Repeat the lines of the data exactly and exclude any picture among them.

[[ TASK MATERIAL open ]]

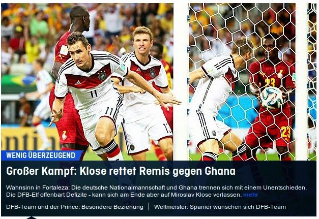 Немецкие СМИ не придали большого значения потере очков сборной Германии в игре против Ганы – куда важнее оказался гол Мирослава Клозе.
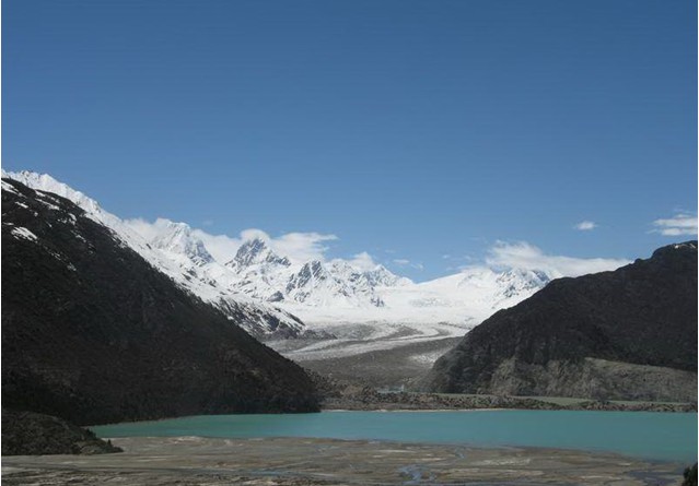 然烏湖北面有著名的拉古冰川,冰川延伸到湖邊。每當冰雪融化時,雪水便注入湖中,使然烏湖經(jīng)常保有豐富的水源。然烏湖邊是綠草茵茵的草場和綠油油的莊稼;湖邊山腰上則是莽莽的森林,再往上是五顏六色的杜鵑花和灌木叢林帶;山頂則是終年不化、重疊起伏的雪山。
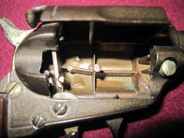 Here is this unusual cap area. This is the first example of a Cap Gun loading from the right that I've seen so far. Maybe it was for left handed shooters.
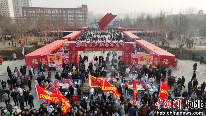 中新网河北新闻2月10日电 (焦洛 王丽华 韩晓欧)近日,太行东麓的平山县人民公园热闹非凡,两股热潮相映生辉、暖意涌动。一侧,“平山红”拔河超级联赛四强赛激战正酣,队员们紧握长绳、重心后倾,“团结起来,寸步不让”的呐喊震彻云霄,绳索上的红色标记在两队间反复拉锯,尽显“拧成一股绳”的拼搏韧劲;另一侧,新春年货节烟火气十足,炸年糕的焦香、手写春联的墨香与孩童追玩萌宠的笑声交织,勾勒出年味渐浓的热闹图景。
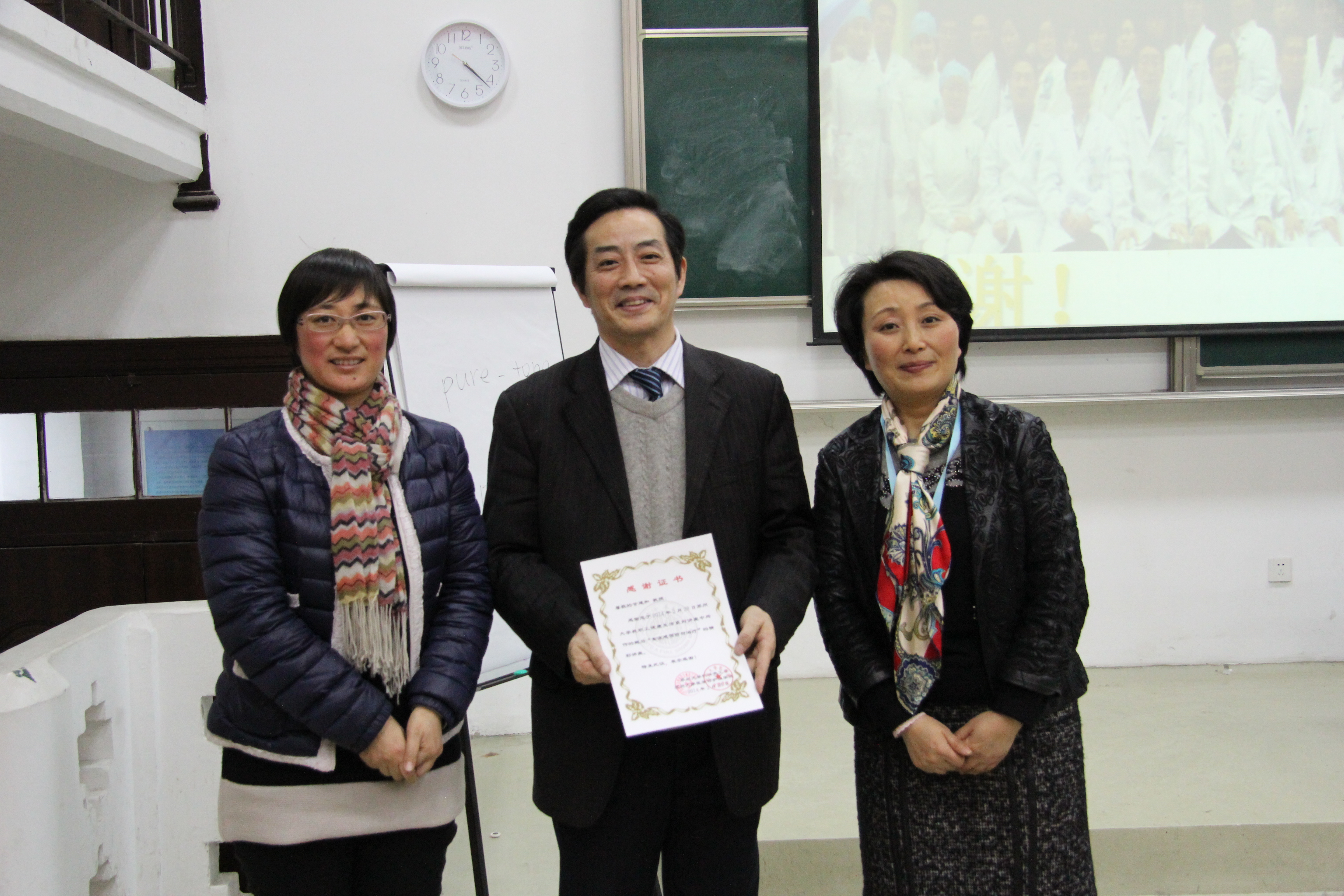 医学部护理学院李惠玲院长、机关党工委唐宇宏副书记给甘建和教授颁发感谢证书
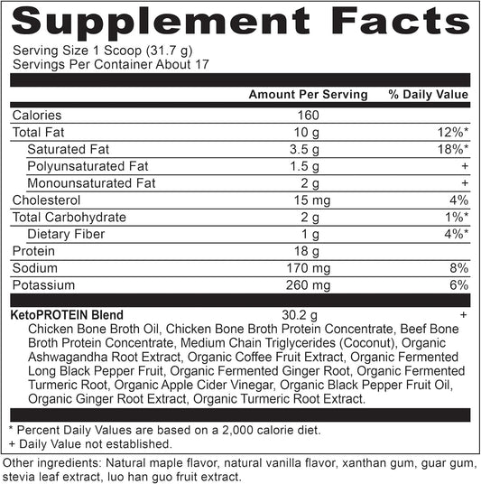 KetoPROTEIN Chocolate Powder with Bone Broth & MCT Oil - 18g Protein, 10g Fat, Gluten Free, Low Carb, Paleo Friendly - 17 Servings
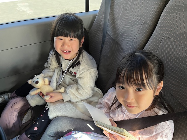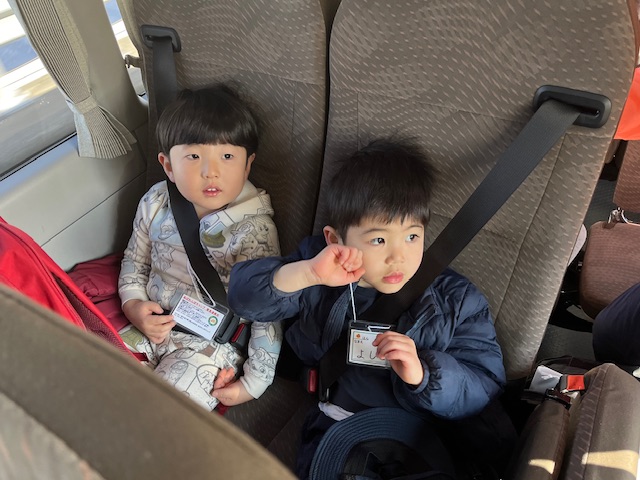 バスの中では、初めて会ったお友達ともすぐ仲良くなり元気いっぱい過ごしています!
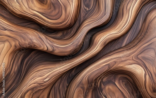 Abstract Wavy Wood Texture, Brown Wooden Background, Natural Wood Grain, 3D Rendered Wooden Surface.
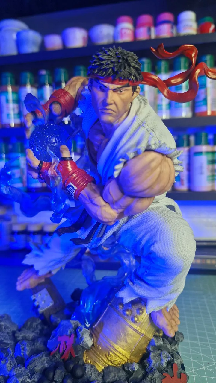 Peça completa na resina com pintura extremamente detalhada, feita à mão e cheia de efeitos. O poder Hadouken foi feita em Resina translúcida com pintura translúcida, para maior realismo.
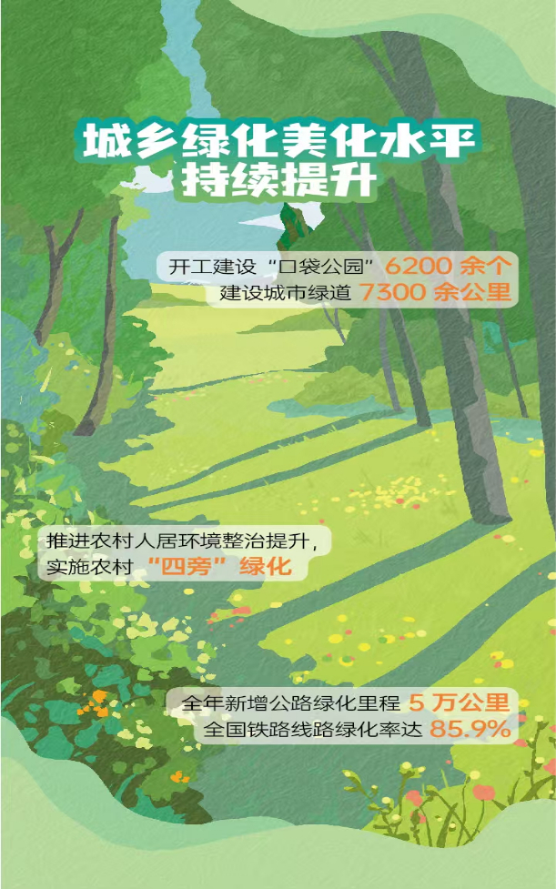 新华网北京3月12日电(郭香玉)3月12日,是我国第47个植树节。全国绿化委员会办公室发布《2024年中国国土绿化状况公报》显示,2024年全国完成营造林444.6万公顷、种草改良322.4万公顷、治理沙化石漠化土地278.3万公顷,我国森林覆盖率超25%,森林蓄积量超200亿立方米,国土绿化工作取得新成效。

[[ TASK MATERIAL closed ]]

» TASK RESULT:
 Немецкие СМИ не придали большого значения потере очков сборной Германии в игре против Ганы – куда важнее оказался гол Мирослава Клозе.
 然烏湖北面有著名的拉古冰川,冰川延伸到湖邊。每當冰雪融化時,雪水便注入湖中,使然烏湖經(jīng)常保有豐富的水源。然烏湖邊是綠草茵茵的草場和綠油油的莊稼;湖邊山腰上則是莽莽的森林,再往上是五顏六色的杜鵑花和灌木叢林帶;山頂則是終年不化、重疊起伏的雪山。
 Here is this unusual cap area. This is the first example of a Cap Gun loading from the right that I've seen so far. Maybe it was for left handed shooters.
 中新网河北新闻2月10日电 (焦洛 王丽华 韩晓欧)近日,太行东麓的平山县人民公园热闹非凡,两股热潮相映生辉、暖意涌动。一侧,“平山红”拔河超级联赛四强赛激战正酣,队员们紧握长绳、重心后倾,“团结起来,寸步不让”的呐喊震彻云霄,绳索上的红色标记在两队间反复拉锯,尽显“拧成一股绳”的拼搏韧劲;另一侧,新春年货节烟火气十足,炸年糕的焦香、手写春联的墨香与孩童追玩萌宠的笑声交织,勾勒出年味渐浓的热闹图景。
 医学部护理学院李惠玲院长、机关党工委唐宇宏副书记给甘建和教授颁发感谢证书
 KetoPROTEIN Chocolate Powder with Bone Broth & MCT Oil - 18g Protein, 10g Fat, Gluten Free, Low Carb, Paleo Friendly - 17 Servings
 バスの中では、初めて会ったお友達ともすぐ仲良くなり元気いっぱい過ごしています!
 Abstract Wavy Wood Texture, Brown Wooden Background, Natural Wood Grain, 3D Rendered Wooden Surface.
 Peça completa na resina com pintura extremamente detalhada, feita à mão e cheia de efeitos. O poder Hadouken foi feita em Resina translúcida com pintura translúcida, para maior realismo.
 新华网北京3月12日电(郭香玉)3月12日,是我国第47个植树节。全国绿化委员会办公室发布《2024年中国国土绿化状况公报》显示,2024年全国完成营造林444.6万公顷、种草改良322.4万公顷、治理沙化石漠化土地278.3万公顷,我国森林覆盖率超25%,森林蓄积量超200亿立方米,国土绿化工作取得新成效。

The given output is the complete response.